THE TASK — Write the data below out exactly as it stands. Do not include the pictures.
======
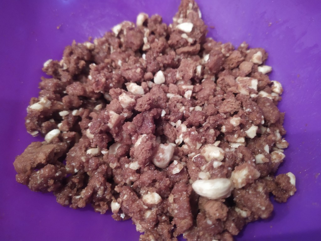 -mientras la tarta se enfría, preparamos el crumble: picamos en el mortero las avellanas y las galletas, para que queden trozos. Por otro lado, derretimos en el microondas la mantequilla y mezclamos con el resto de ingredientes. Lo hacemos con las manos hasta obtener una textura terrosa
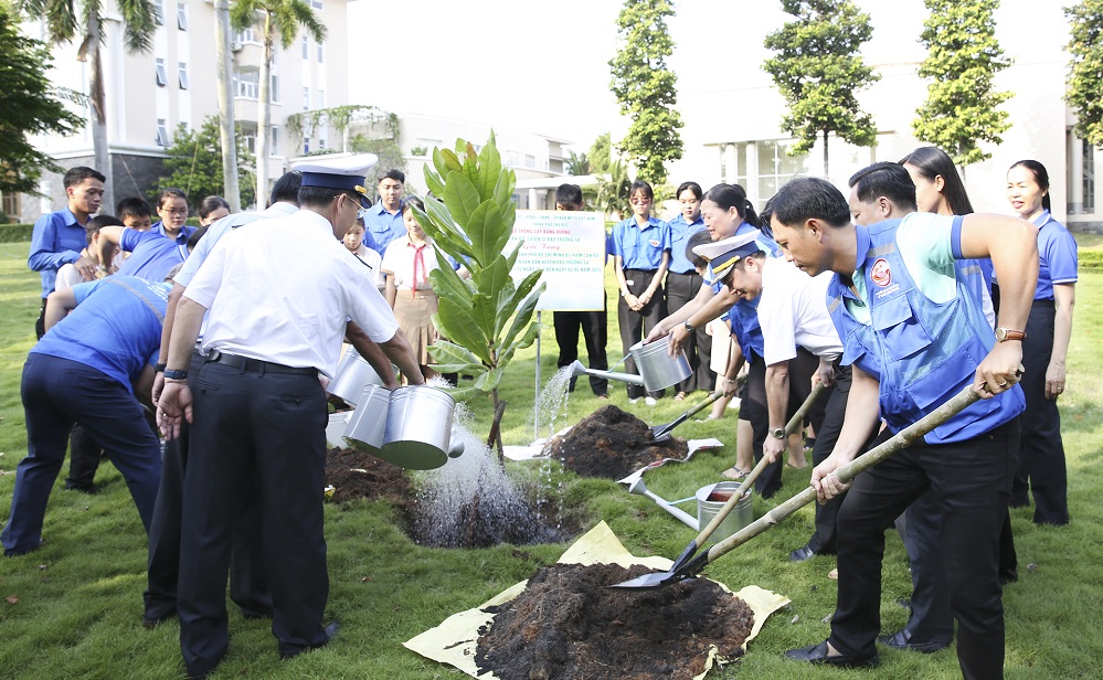 Cây bàng quả vuông được đoàn đại biểu TP. Hồ Chí Minh trồng tại TP. Thủ Đức tháng 5/2024
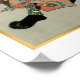 This vintage Japanese art poster features the woodblock print depicting samurai hero Imagawa Yoshimoto from Kuniyoshi’s series Taiheiki Eiyuden or “Heroes of the Great Peace” (1846-47). One of the last great names in the Japanese ukiyo-e style, ukiyo-e artist Utagawa Kuniyoshi was an undisputed master of the warrior woodblock print. Born in Tokyo in 1797, he became an apprentice to a famous print master at the age of 12.
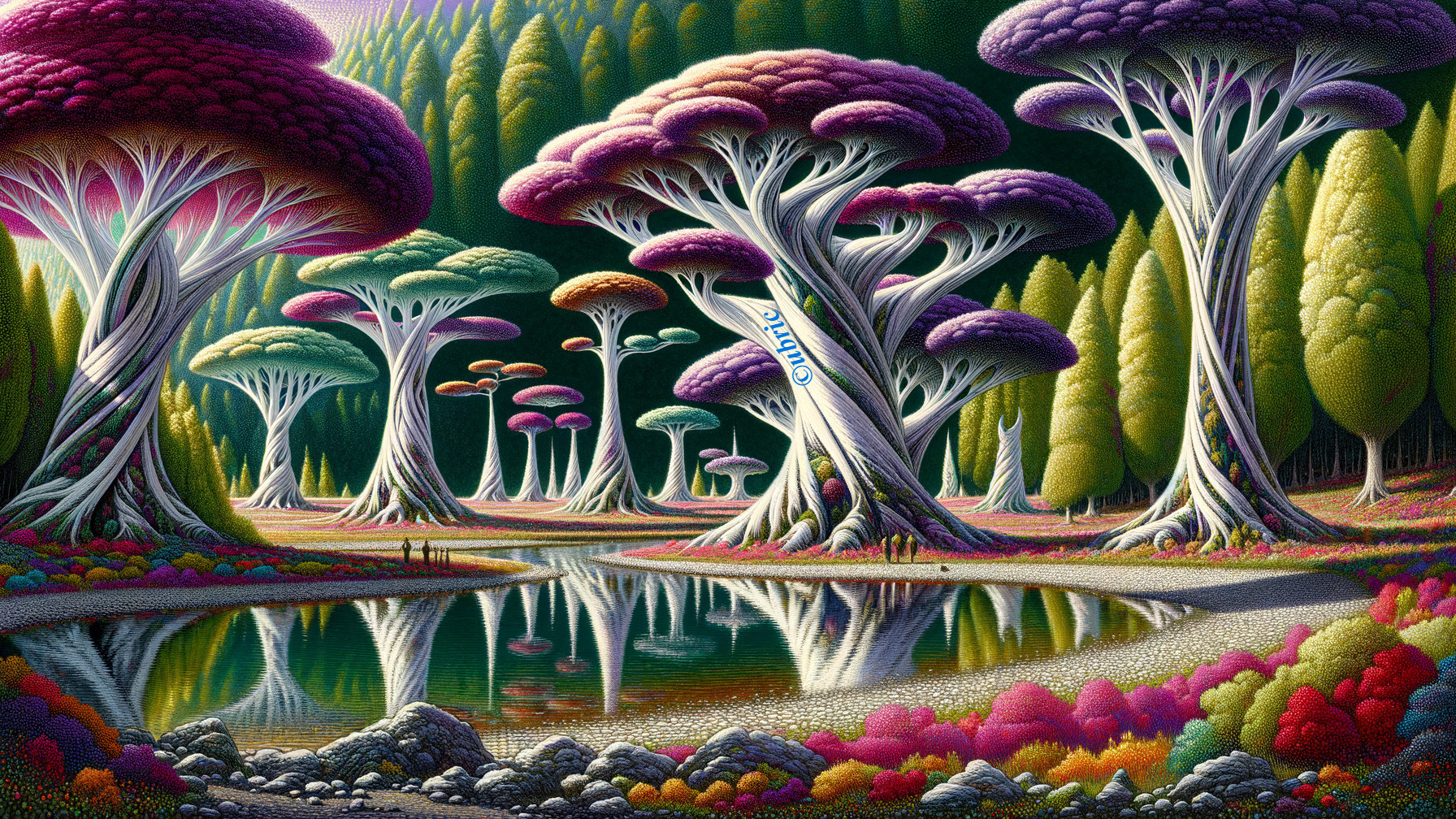 A vibrant landscape features whimsical, colorful trees with oversized canopies, reflected in a tranquil lake. Lush greenery and striking floral accents create a fantastical atmosphere.
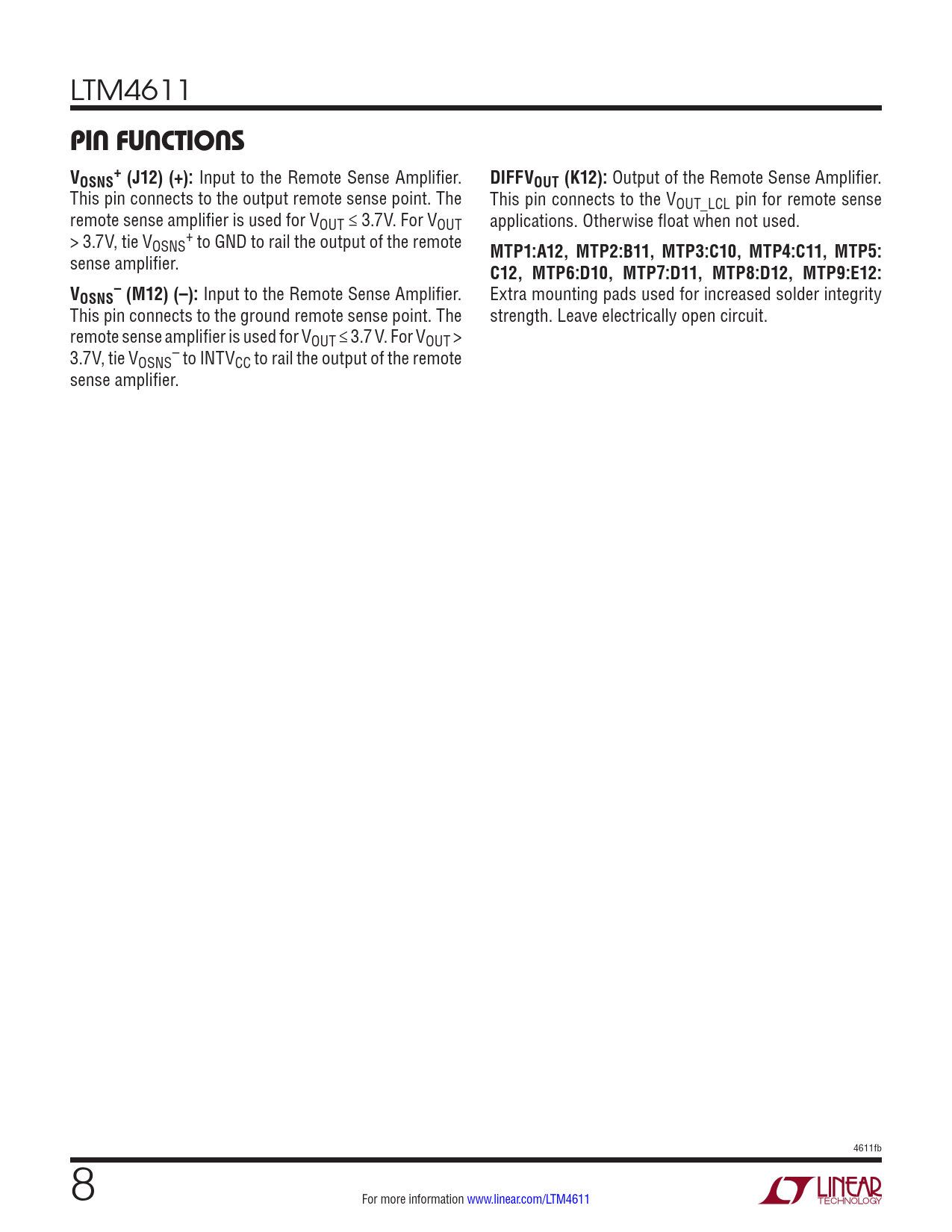 Input to the Remote Sense Amplifier. Extra mounting pads used for increased solder integrity This pin connects to the ground remote sense point. The strength. Leave electrical y open circuit. remote sense amplifier is used for VOUT ≤ 3.7 V. For VOUT > 3.7V, tie V – OSNS to INTVCC to rail the output of the remote sense amplifier. 4611fb 8 For more information www.linear.com/LTM4611 Document Outline Features Applications Description Typical Application Absolute Maximum Ratings Pin Configuration Order Information Electrical Characteristics Typical Performance Characteristics Pin Functions Block Diagram Decoupling Requirements Operation Applications Information Typical Applications Package Photograph Package Description Revision History Typical Application Related Parts
======
ANSWER TO THIS PROBLEM —
 -mientras la tarta se enfría, preparamos el crumble: picamos en el mortero las avellanas y las galletas, para que queden trozos. Por otro lado, derretimos en el microondas la mantequilla y mezclamos con el resto de ingredientes. Lo hacemos con las manos hasta obtener una textura terrosa
 Cây bàng quả vuông được đoàn đại biểu TP. Hồ Chí Minh trồng tại TP. Thủ Đức tháng 5/2024
 This vintage Japanese art poster features the woodblock print depicting samurai hero Imagawa Yoshimoto from Kuniyoshi’s series Taiheiki Eiyuden or “Heroes of the Great Peace” (1846-47). One of the last great names in the Japanese ukiyo-e style, ukiyo-e artist Utagawa Kuniyoshi was an undisputed master of the warrior woodblock print. Born in Tokyo in 1797, he became an apprentice to a famous print master at the age of 12.
 A vibrant landscape features whimsical, colorful trees with oversized canopies, reflected in a tranquil lake. Lush greenery and striking floral accents create a fantastical atmosphere.
 Input to the Remote Sense Amplifier. Extra mounting pads used for increased solder integrity This pin connects to the ground remote sense point. The strength. Leave electrical y open circuit. remote sense amplifier is used for VOUT ≤ 3.7 V. For VOUT > 3.7V, tie V – OSNS to INTVCC to rail the output of the remote sense amplifier. 4611fb 8 For more information www.linear.com/LTM4611 Document Outline Features Applications Description Typical Application Absolute Maximum Ratings Pin Configuration Order Information Electrical Characteristics Typical Performance Characteristics Pin Functions Block Diagram Decoupling Requirements Operation Applications Information Typical Applications Package Photograph Package Description Revision History Typical Application Related Parts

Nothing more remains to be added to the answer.